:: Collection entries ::

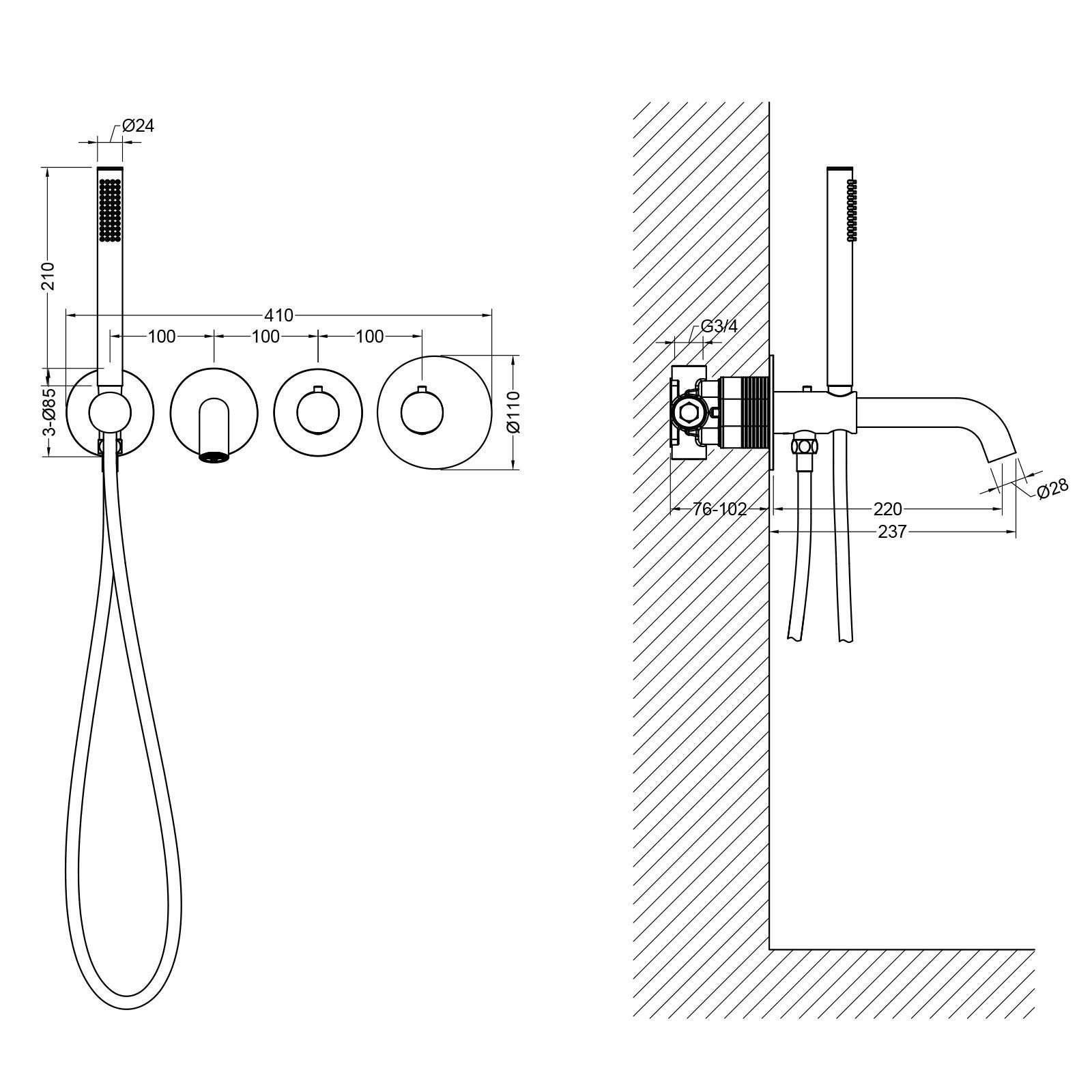 - Комплектация: смеситель, внутренняя часть, лейка, шланг
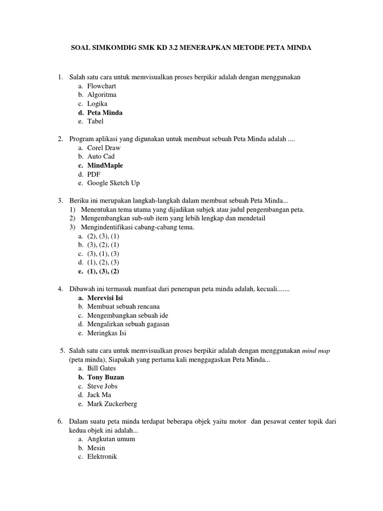 Contoh Soal Peta Minda Beserta Jawabannya - Contoh Soal Terbaru
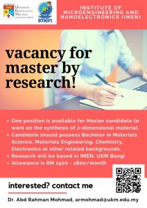 One GRA position @ IMEN-UKM for Master Candidate to Work on the Synthesis of 2D Material
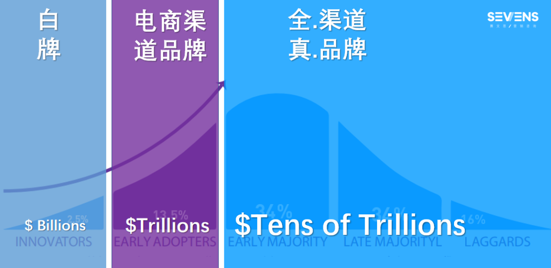 白牌阶段就是innovator创新者的一个阶段,它只占整个2%的这么一个生意,所以那个时候的交易额就是几十亿美元,几百亿人民币大概这样一个规模。
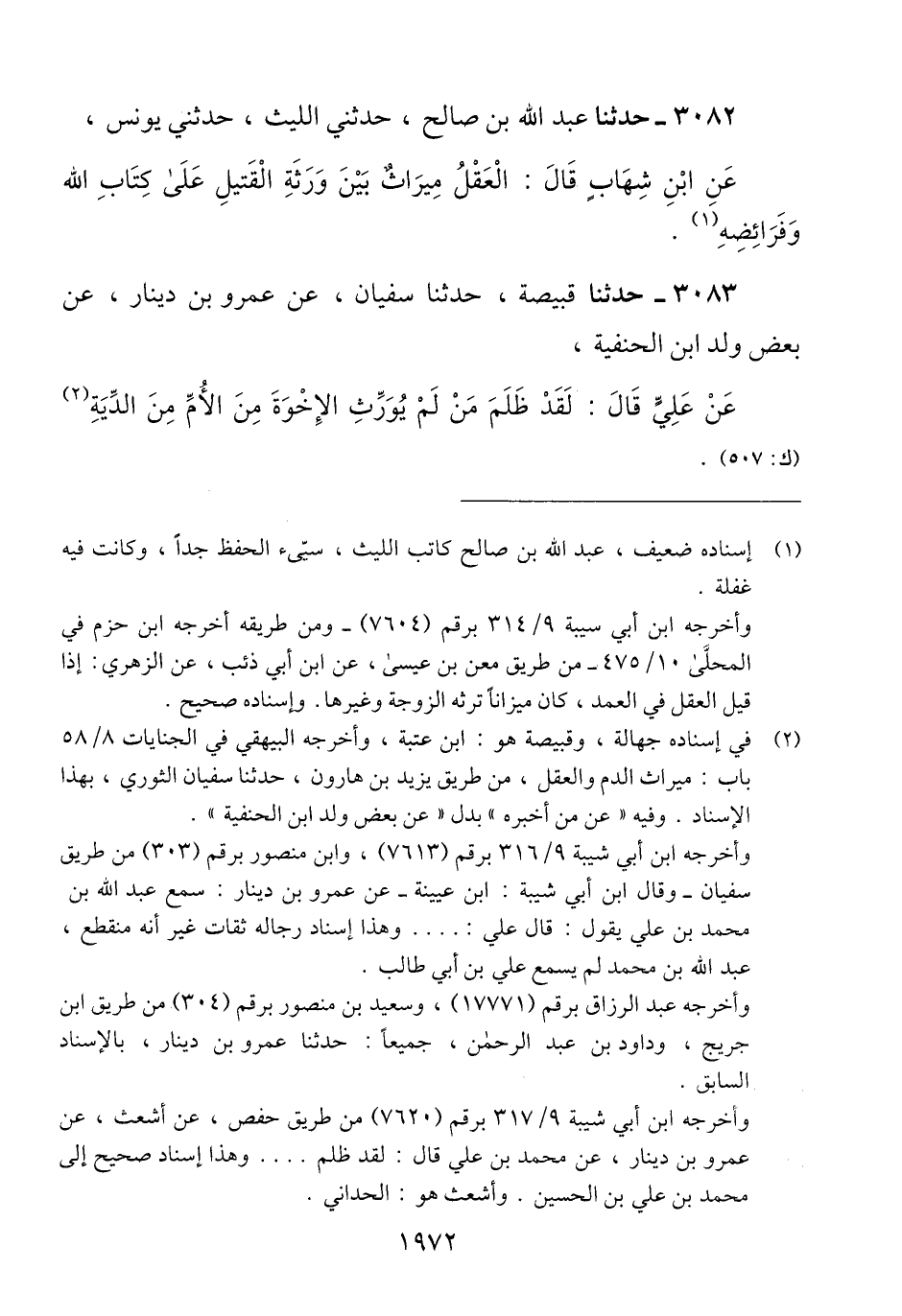 3082 - حَدَّثَنَا عَبْدُ اللَّهِ بْنُ صَالِحٍ، حَدَّثَنِي اللَّيْثُ، حَدَّثَنِي يُونُسُ، عَنْ ابْنِ شِهَابٍ، قَالَ: «§الْعَقْلُ مِيرَاثٌ بَيْنَ وَرَثَةِ الْقَتِيلِ عَلَى كِتَابِ اللَّهِ وَفَرَائِضِهِ» Qإسناده ضعيف عبد الله بن صالح كاتب الليث سيئ الحفظ جدا وكانت فيه غفلة
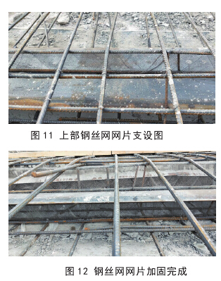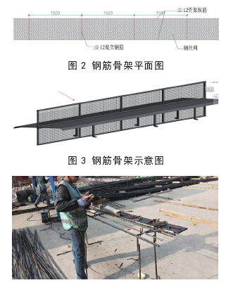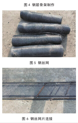 <2)鋼絲網加固連接。利用鋼筋骨架加固鋼絲網,從鋼筋骨架一端開始纏裹鋼絲網,直至另一端結束后使用扎絲綁扎牢固,形成鋼絲網片(見圖5、圖6) 。
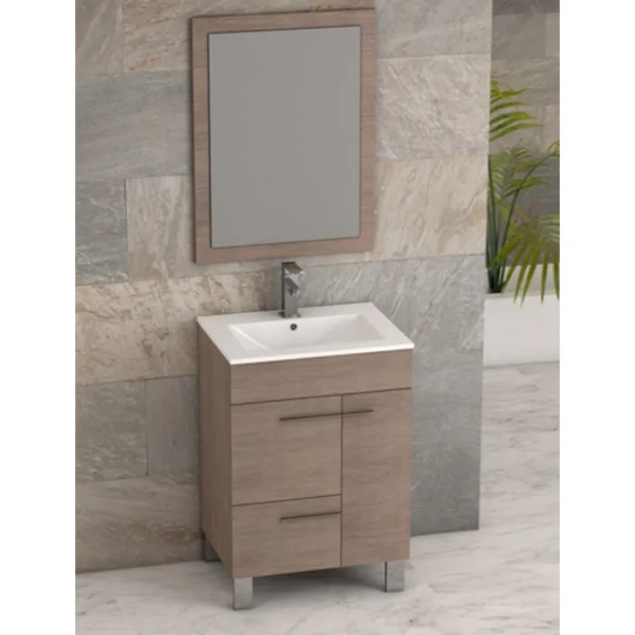 The modern design of the Eviva Cup® 24"" Medium Oak modern bathroom vanity, is the ultimate choice for a compact modern/contemporary bathroom. The made in spain bathroom vanity features an integrated ceramic basin resting above the main cabinet. Constructed from Eco-friendly engineered wood, the Cup® is very durable with hardwood characteristics similar to maple wood.
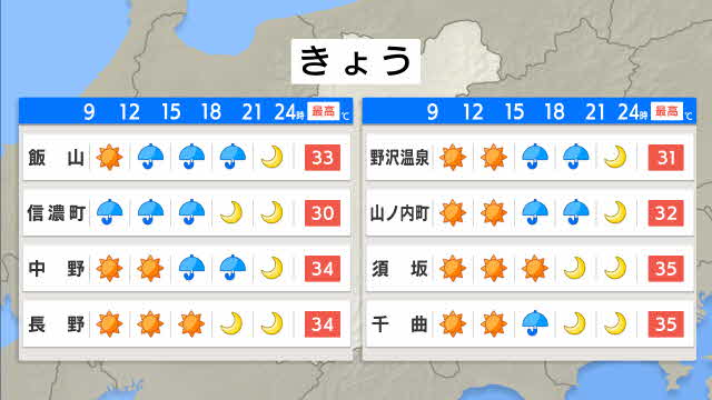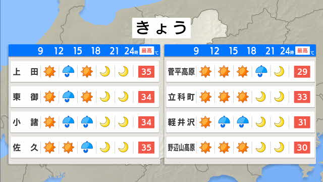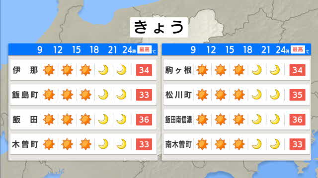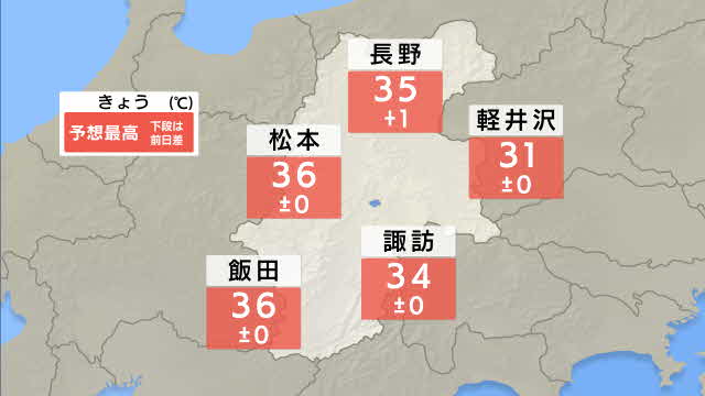 長野県内の23日の予想最高気温は、松本と飯田が36度、長野が35度、諏訪で34度などとなっています。
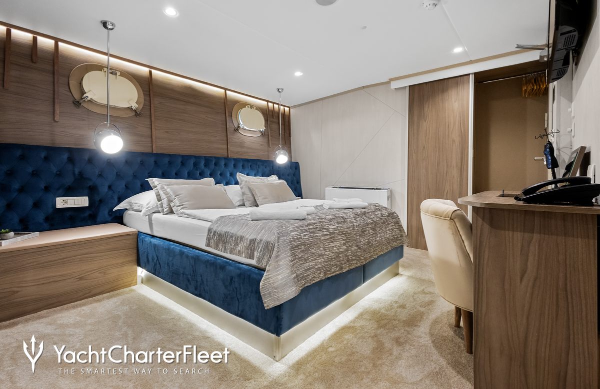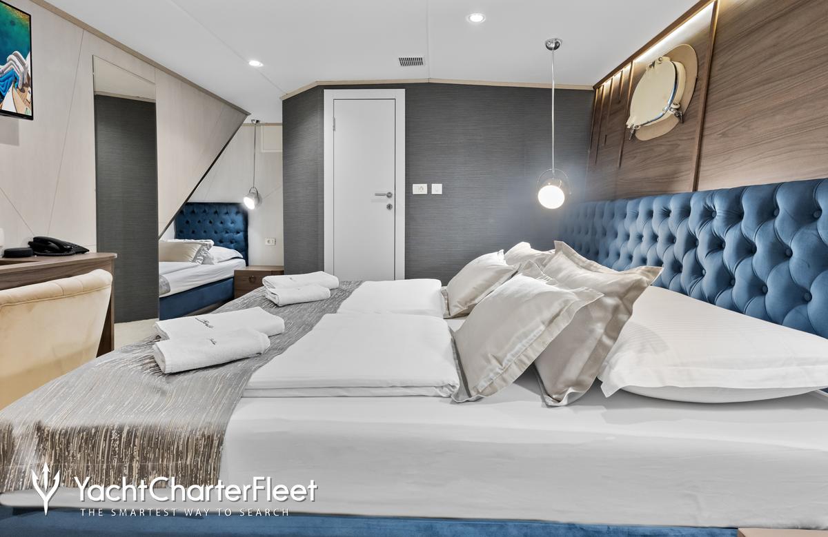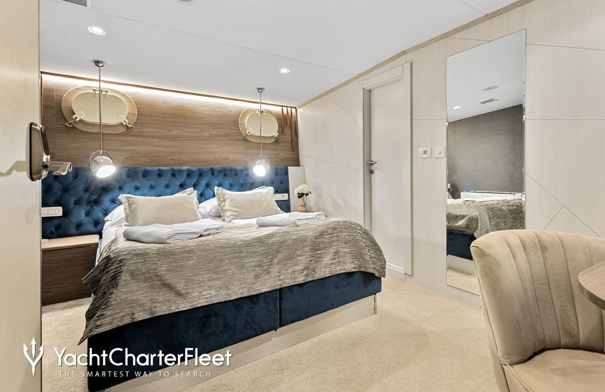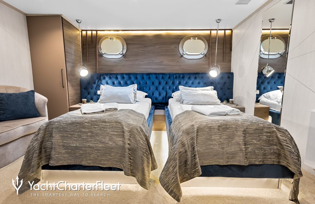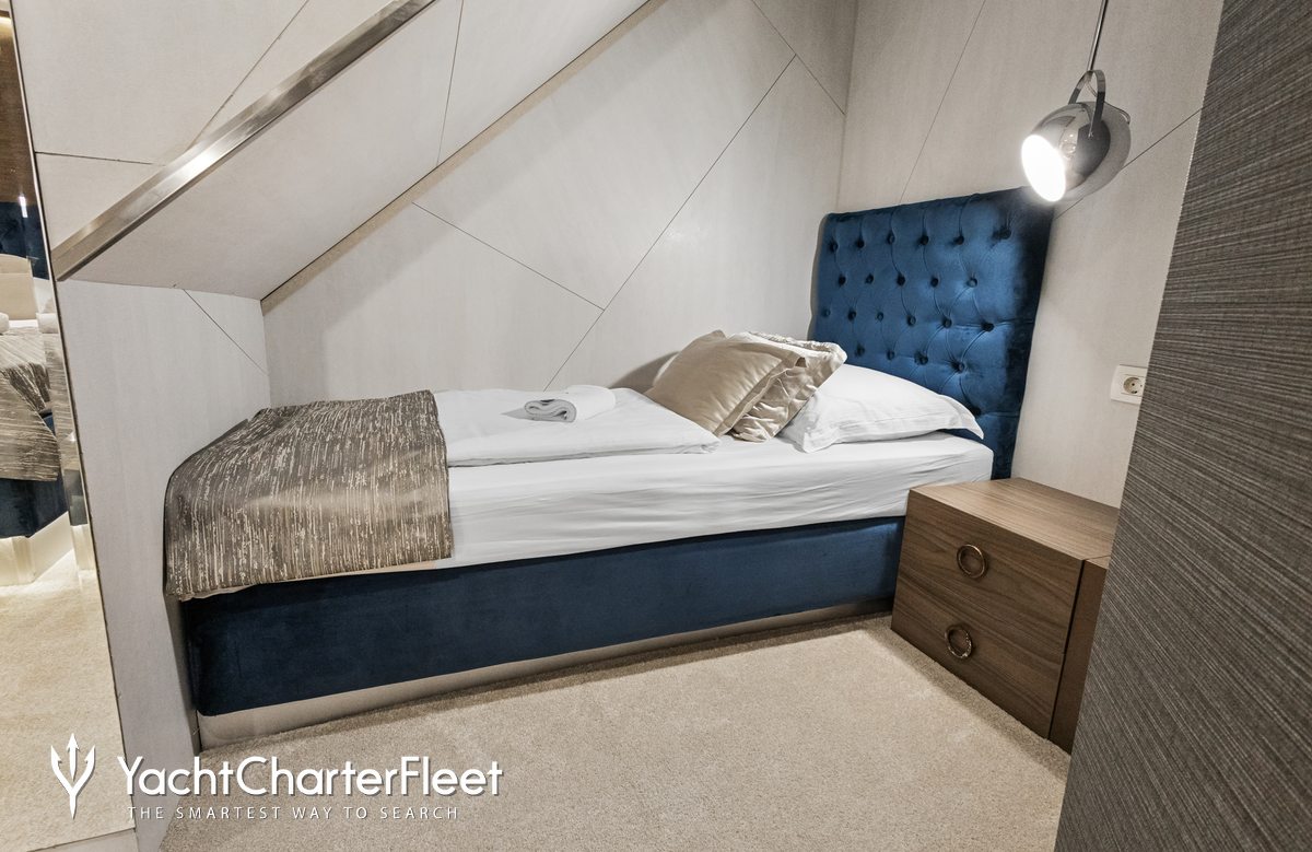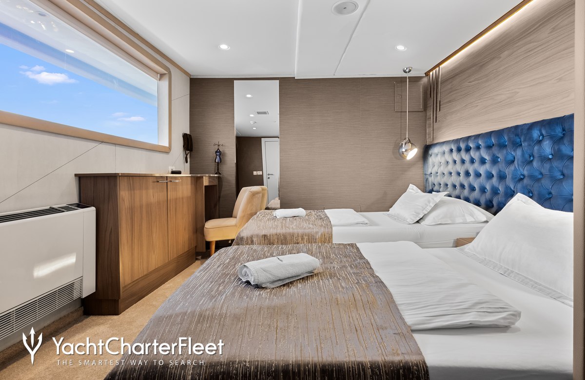 Bella is notable for her ten cabin layout, offering great flexibility for a charter yacht of this size. She offers guest accommodation for up to 21 guests with a layout comprising a master suite, two double cabins, two twin cabins and two cabins that can operate as twins or doubles. She is also capable of carrying up to 12 crew onboard to ensure a relaxed luxury yacht charter experience.

:: What you have to do ::
A faithful copy of all the data above is required, printed exactly and with no pictures.

:: Response area ::
 - Комплектация: смеситель, внутренняя часть, лейка, шланг
 Contoh Soal Peta Minda Beserta Jawabannya - Contoh Soal Terbaru
 One GRA position @ IMEN-UKM for Master Candidate to Work on the Synthesis of 2D Material
 白牌阶段就是innovator创新者的一个阶段,它只占整个2%的这么一个生意,所以那个时候的交易额就是几十亿美元,几百亿人民币大概这样一个规模。
 3082 - حَدَّثَنَا عَبْدُ اللَّهِ بْنُ صَالِحٍ، حَدَّثَنِي اللَّيْثُ، حَدَّثَنِي يُونُسُ، عَنْ ابْنِ شِهَابٍ، قَالَ: «§الْعَقْلُ مِيرَاثٌ بَيْنَ وَرَثَةِ الْقَتِيلِ عَلَى كِتَابِ اللَّهِ وَفَرَائِضِهِ» Qإسناده ضعيف عبد الله بن صالح كاتب الليث سيئ الحفظ جدا وكانت فيه غفلة
 <2)鋼絲網加固連接。利用鋼筋骨架加固鋼絲網,從鋼筋骨架一端開始纏裹鋼絲網,直至另一端結束后使用扎絲綁扎牢固,形成鋼絲網片(見圖5、圖6) 。
 The modern design of the Eviva Cup® 24"" Medium Oak modern bathroom vanity, is the ultimate choice for a compact modern/contemporary bathroom. The made in spain bathroom vanity features an integrated ceramic basin resting above the main cabinet. Constructed from Eco-friendly engineered wood, the Cup® is very durable with hardwood characteristics similar to maple wood.
 長野県内の23日の予想最高気温は、松本と飯田が36度、長野が35度、諏訪で34度などとなっています。
 Bella is notable for her ten cabin layout, offering great flexibility for a charter yacht of this size. She offers guest accommodation for up to 21 guests with a layout comprising a master suite, two double cabins, two twin cabins and two cabins that can operate as twins or doubles. She is also capable of carrying up to 12 crew onboard to ensure a relaxed luxury yacht charter experience.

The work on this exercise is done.